Advancing in parallel with techniques for structure prediction has been the theoretical understanding of the protein folding reaction itself. The large number of degrees of freedom needed to characterize a folding protein chain naturally leads to the adoption of a statistical characterization of the protein energy landscape (10). Such a characterization reveals that the ability of a protein to reliably find its native state among the exponentially large number of conformations is caused by the topography of the landscape. Inter-residue contacts that appear in the native state are, on average, more stabilizing than random contacts so that both the energy and entropy drop as the protein approaches the native state, and the landscape resembles a rough funnel. Bryngelson and Wolynes (11) have termed this property of the landscape the “principle of minimal frustration.” Model energy functions for structure prediction must also be minimally frustrated, and for the same reason, to overcome the multiple minima problem. This insight, that the essential physics of folding is contained in the requirement of minimal frustration, and not so much in the detailed form of the interaction potentials, is at the heart of a fruitful interaction between analytical models of the folding reaction and the development of practical methods of structure prediction.

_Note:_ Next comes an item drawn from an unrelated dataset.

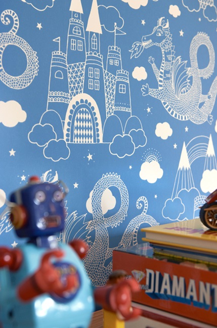 Majvillan, tapet till barnrummet Drakhimlen, mörkblå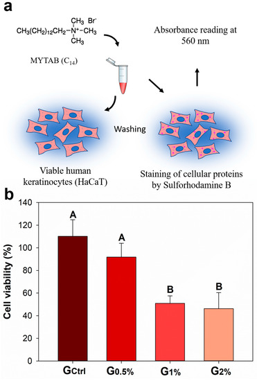 Cytotoxicity evaluation of the experimental dental resins expressed by percentage of cell viability: (a) structure of myristyltrimethylammonium bromide (MYTAB) and schematic drawing of sulforhodamine B (SRB) assay; and (b) MYTAB cytotoxicity assessed in normal human keratinocytes (HaCaT) line. Different capital letters indicate statistical differences among groups (p < 0.05).

We have developed a series of models (7, 12–14) based on associative memory energy functions. By formulating a quantitative version of the principle of minimal frustration, we have optimized the coefficients in our models to achieve a minimally frustrated landscape and have shown that the resulting energy function can successfully predict low-resolution structures in the absence of homology information for α-helical proteins. Moreover, we are able to calculate the free energy as a function of similarity to the native state and thereby quantify the success of the optimization procedure in achieving a funneled landscape. Here we further develop this approach and report the successful ab initio prediction of α/β proteins.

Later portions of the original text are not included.